*** Opening The data ***

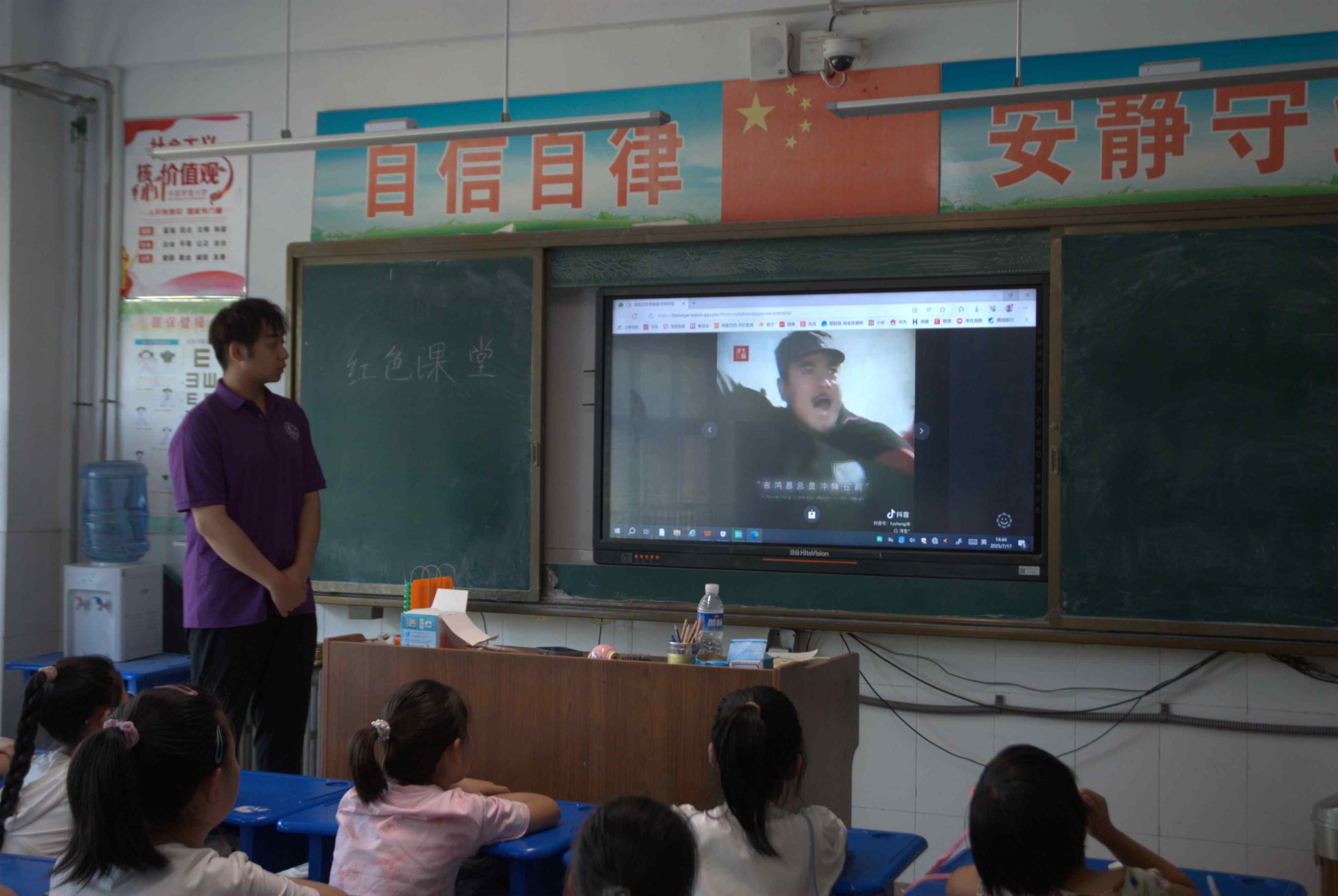 课堂里,实践团成员们以图文的形式向孩子们介绍了多位革命英雄。在向孩子们展示革命先烈英勇奋战的相关红色视频时,炮火掀起的尘土填满视野,冲锋号的声波在教室里回荡,视频的光束映在每张稚嫩的脸上,照出微微颤抖的嘴角和攥紧的手心。一幕幕英勇的画面,在孩子们心里凝成一条滚烫的血脉,使他们对革命先烈更加崇敬。
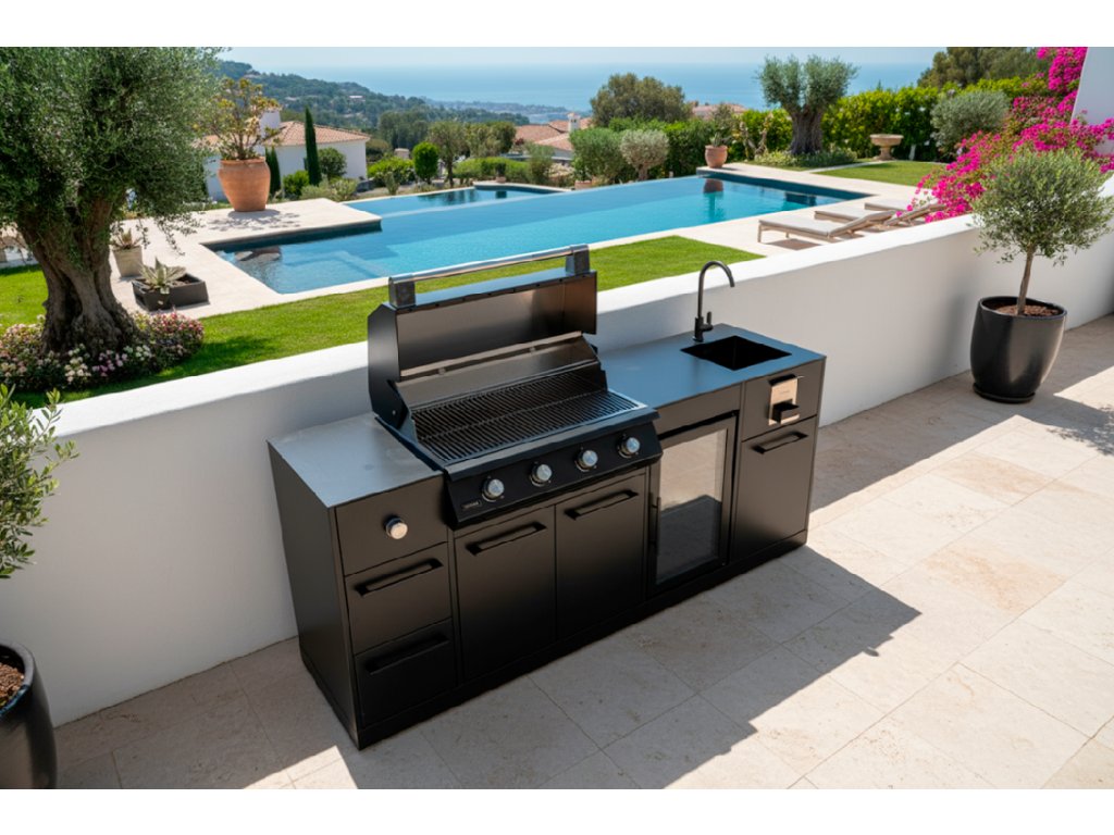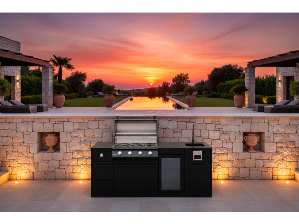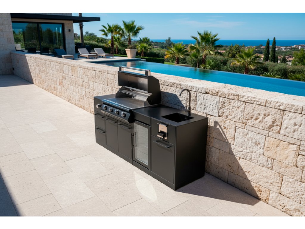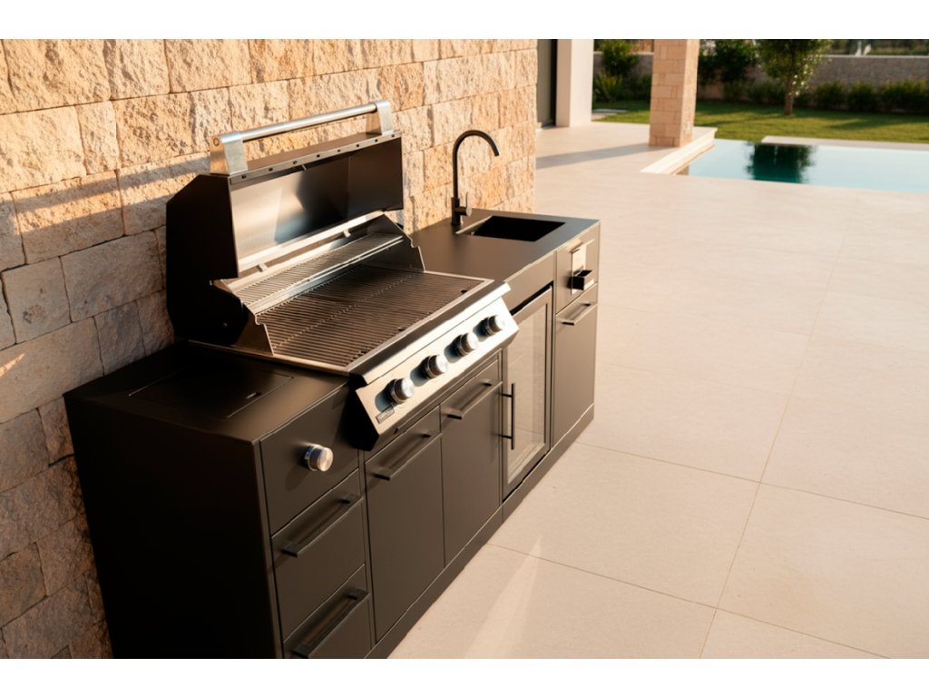 Exkluzivní venkovní kuchyňská linka BRABURA s grilem Lite 400 osazená prvotřídními spotřebiči a luxusním provedením.
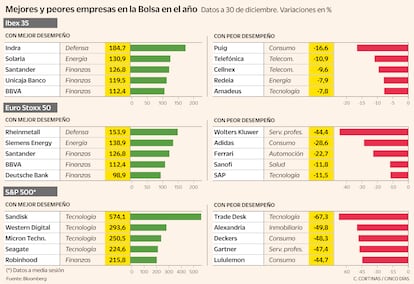 Al final de cada año, el balance bursátil deja una clara división entre los valores estrella que se han ganado el favor del mercado y los estrellados que han perdido la confianza de los inversores. 2025 no ha sido la excepción. En España, y en Europa, quien apostara por el sector bancario y el de defensa habrá visto cómo su cartera se disparaba. En Estados Unidos la tecnología ha vuelto a dejar ganancias en la renta variable, aunque algo desiguales, mientras que el consumo ha sido el gran perjudicado de unas tensiones comerciales iniciadas por el nuevo gobierno de Donald Trump.

*** Closing The data ***

Reprint all the data above verbatim, excluding pictures.

Answer to the exercise:
 课堂里,实践团成员们以图文的形式向孩子们介绍了多位革命英雄。在向孩子们展示革命先烈英勇奋战的相关红色视频时,炮火掀起的尘土填满视野,冲锋号的声波在教室里回荡,视频的光束映在每张稚嫩的脸上,照出微微颤抖的嘴角和攥紧的手心。一幕幕英勇的画面,在孩子们心里凝成一条滚烫的血脉,使他们对革命先烈更加崇敬。
 Exkluzivní venkovní kuchyňská linka BRABURA s grilem Lite 400 osazená prvotřídními spotřebiči a luxusním provedením.
 Al final de cada año, el balance bursátil deja una clara división entre los valores estrella que se han ganado el favor del mercado y los estrellados que han perdido la confianza de los inversores. 2025 no ha sido la excepción. En España, y en Europa, quien apostara por el sector bancario y el de defensa habrá visto cómo su cartera se disparaba. En Estados Unidos la tecnología ha vuelto a dejar ganancias en la renta variable, aunque algo desiguales, mientras que el consumo ha sido el gran perjudicado de unas tensiones comerciales iniciadas por el nuevo gobierno de Donald Trump.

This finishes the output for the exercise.